То, как проходили первые этапы приватизации в России, помимо последующих юридических прецедентов и политических аргументов, стало еще и частью науки - истории экономики.
Более того, несомненный интерес российский опыт вызывает в рамках международной практики смены государственного собственника частным, поскольку последний чаще всего оказывается более эффективным. В противоположность "обывательскому" представлению о том, что форма собственности определяет политический строй (в оппозиции: социализм - капитализм), специалисты свидетельствуют - глубокие приватизационные процессы в самых развитых западных странах начались лишь во второй половине ХХ столетия с подачи крупнейших политиков и государственников.
В справедливости подобного подхода в свое время одной из первых убедилась Премьер Великобритании - Маргарет Тэтчер, которая отдала в частные руки авиакомпании, угольные предприятия и другие экономические структуры.
О том, как процесс смены собственника проходил в одном из крупнейших промышленных комплексов России, наш корреспондент беседует с генеральным директором ОАО "Норильская горная компания" Джонсоном Хагажеевым.
- Российская история независимо от того, о какой эпохе идет речь, всегда кажется нам тяжелее и трагичнее, чем у наших соседей. Думается, что новейший период, и в частности переход к рыночным отношениям, не исключение. Вы с этим согласны?
- Трагедия российской истории, на мой взгляд, заключается в том, что каждая попытка изменить государственную систему, строй всегда начиналась с полного отрицания всего, что было сделано до того: и культуры, и кадров, и народного хозяйства. Смотрите, до 1917 года Россия числилась по всем меркам в числе сильнейших держав мира в экономическом и социально-политическом отношениях. Затем мы принялись создавать другую Россию и начали с того, что все уничтожили до основания. Иными словами, пришлось все строить с нуля. Хозяйства разрушены, лучшие умы или уничтожены, или уехали за границу, практически весь интеллектуальный потенциал растрачен. Россию такой ценой вывели из капиталистического прошлого и завели в социалистический романтизм. Теперь Россию социалистическую возвращаем в ряды рыночных государств, но опять почти той же ценой.
- Но ныне никого не расстреливали, за границу не "выдавливали"?
- Да.

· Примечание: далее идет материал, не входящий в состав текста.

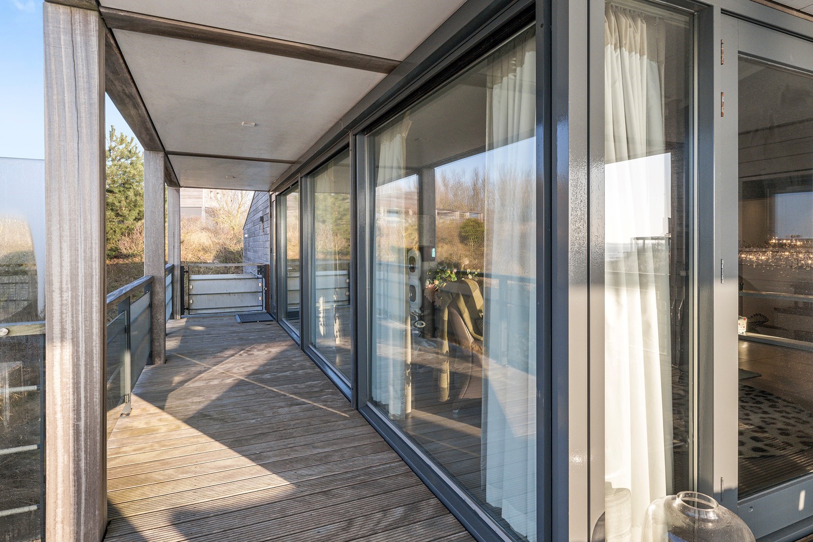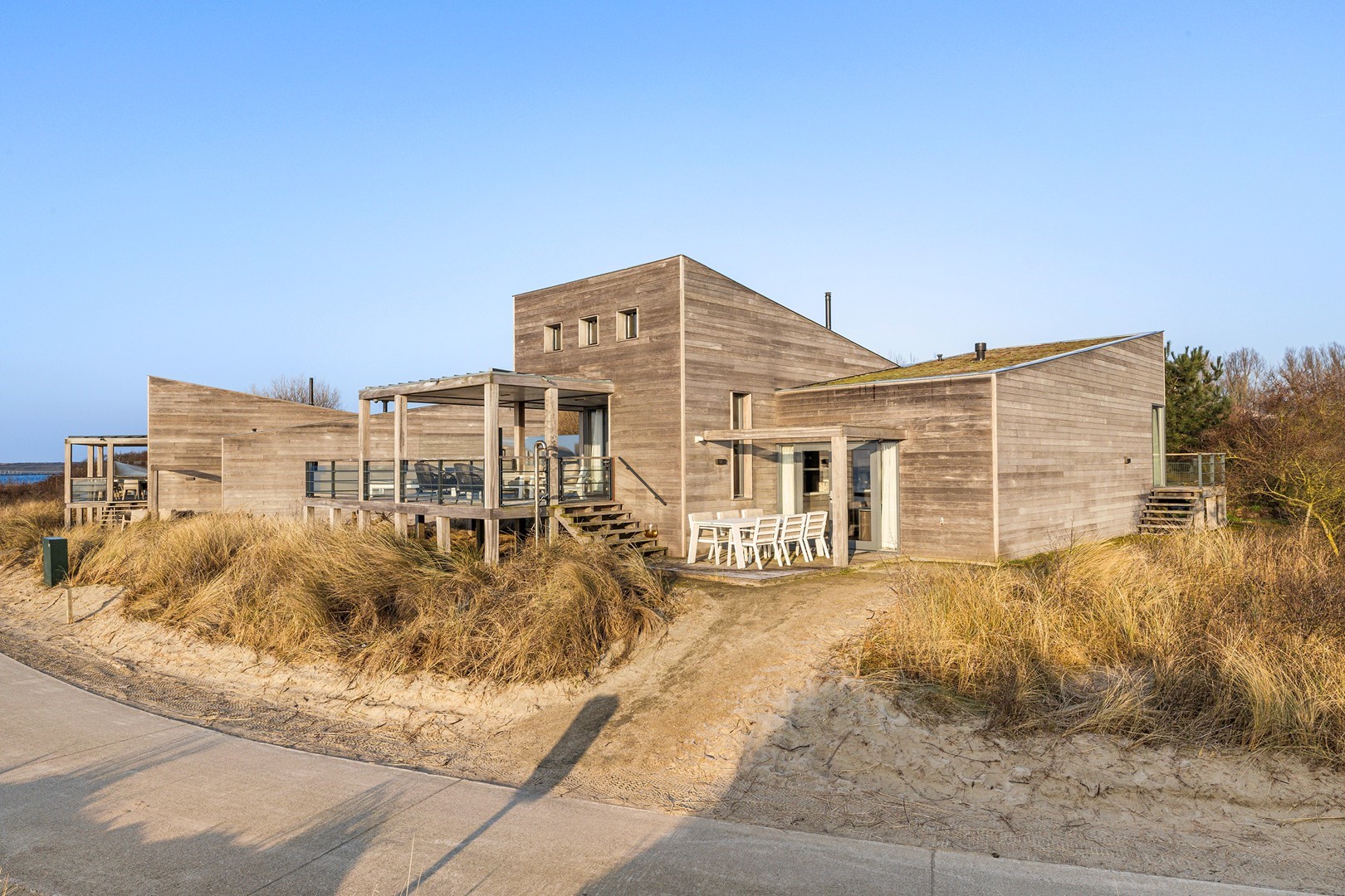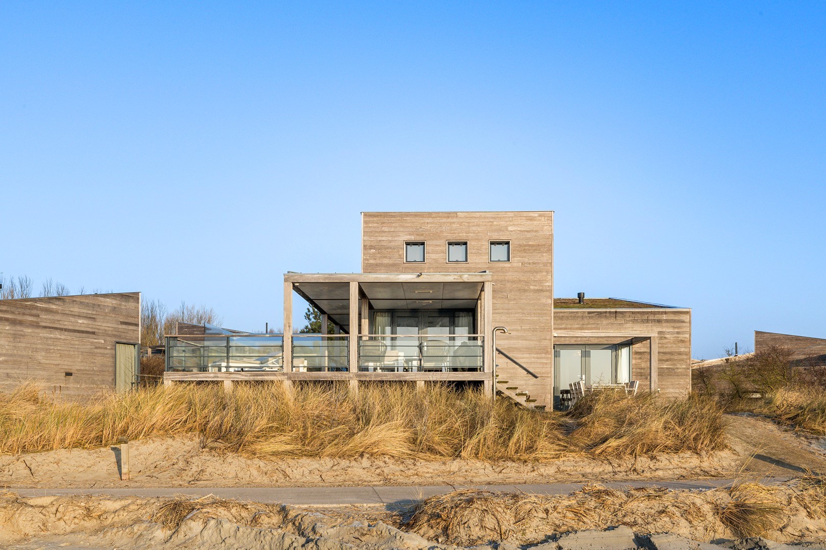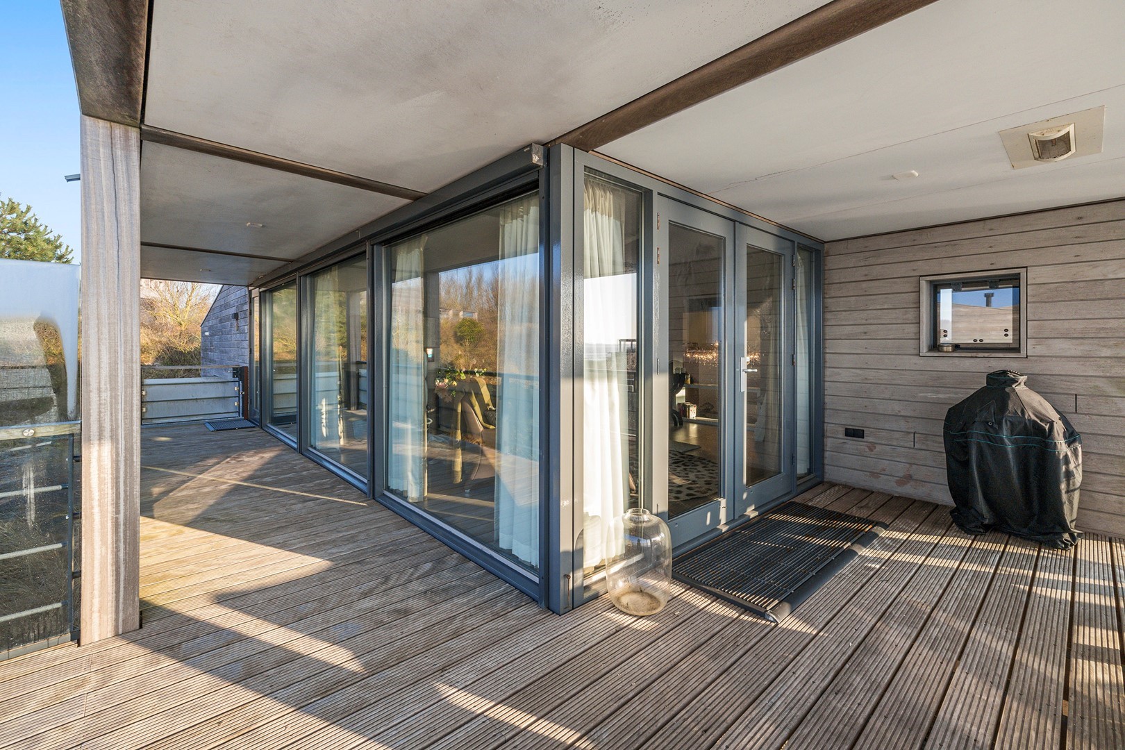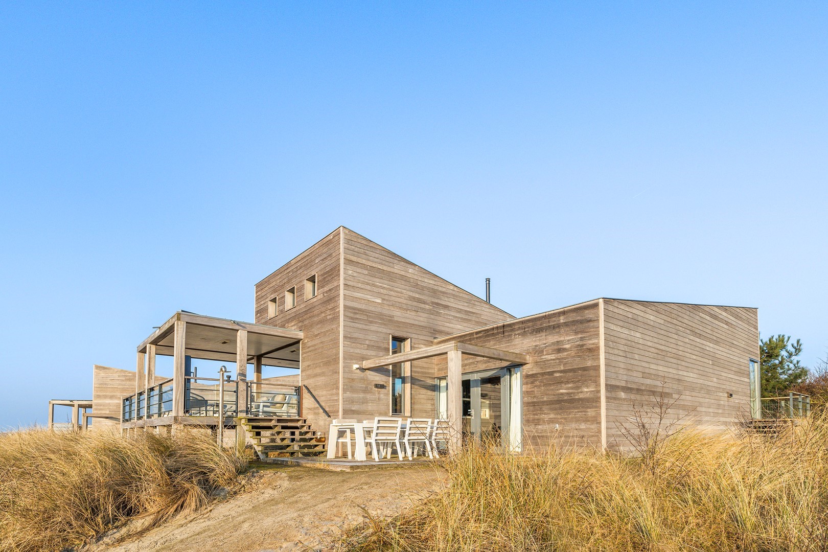 Aan meerdere zijdes van de strandvilla vind je mooie, ruime hardhouten terrassen. Gedeeltelijk afgeschermd middels glas. Het royale terras is een enorm pluspunt aan de woning, waar je de gehele dag kunt genieten van de zon en van het prachtige uitzicht. Er zijn twee geïntegreerde terrasheaters welke het tot ’s avonds laat buiten zitten nog aangenamer maken en er is een buitendouche aanwezig. Aan de achterzijde bevindt zich een ruime berging waar de meterkast en installaties bevinden. Hier is voldoende ruimte over voor bijvoorbeeld surfspullen en fietsen. Daarnaast is er een royale bergruimte onder de villa aanwezig van ca. 38 m² (hoogte ca. 150 cm). De villa is nooit verhuurd geweest en is verder voorzien van beveiligingscamera’s en een alarminstallatie.
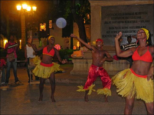 Das finale Feuerwerk um Mitternacht macht sich gut in dieser Altstadtkulisse und alle Leute wuenschen sich feliz ano novo, wildfremde“ Eingeborene“ knutschen uns ab und die Stimmung ist toll. Jetzt wird erst richtig losgelegt mit Tanzen und war es vorher noch recht muehelos sich durch die Gassen zu bewegen, wird es nun deutlich voller. Wo kommen all diese Menschen nur her? Aus allen Landesteilen. Wir sehen die Autokennzeichen und wissen, nach Cartagena zum Feiern kommt man aus dem ganzen Land zusammen. Familien mit Schulpflichtigen haben jetzt die laengsten Ferien des Jahres (November bis Ende Februar) . Haupturlaubszeit fuer Kolumbianer. Jedes Bett ist ausgebucht, der Strand in Boca Grande gut besucht.

Единственное отличие - без крови, хотя это, как вы понимаете, тоже очень условно. Межнациональные конфликты, которые появились, - разве это не отклик, не последствия того, что мы сначала развалили экономику? А когда приходит нищета, бедность, появляется вражда: когда хлеба мало, каждый начинает ревностно смотреть на любого другого.
- Вы считаете, что можно было это делать иначе?
- Разумеется. Живой пример - китайцы. Они, когда поняли, что система планового хозяйства сегодня уступает классической рыночной, взяли от нее лучшее. Затем плавно и разумно начали переводить все свое хозяйство к рыночным отношениям. Таким образом, они не потеряли тот уровень, который у них был при прежней системе, и перешли дальше, уже к другой. Мы же полностью опять завалили все, уничтожили и теперь пытаемся назад вернуть те позиции, которые были в советские времена.
- Норильская горная компания - яркий пример эффективного перехода из государственного управления в частное. Как протекал переходный период? Вам было что взять из прошлого?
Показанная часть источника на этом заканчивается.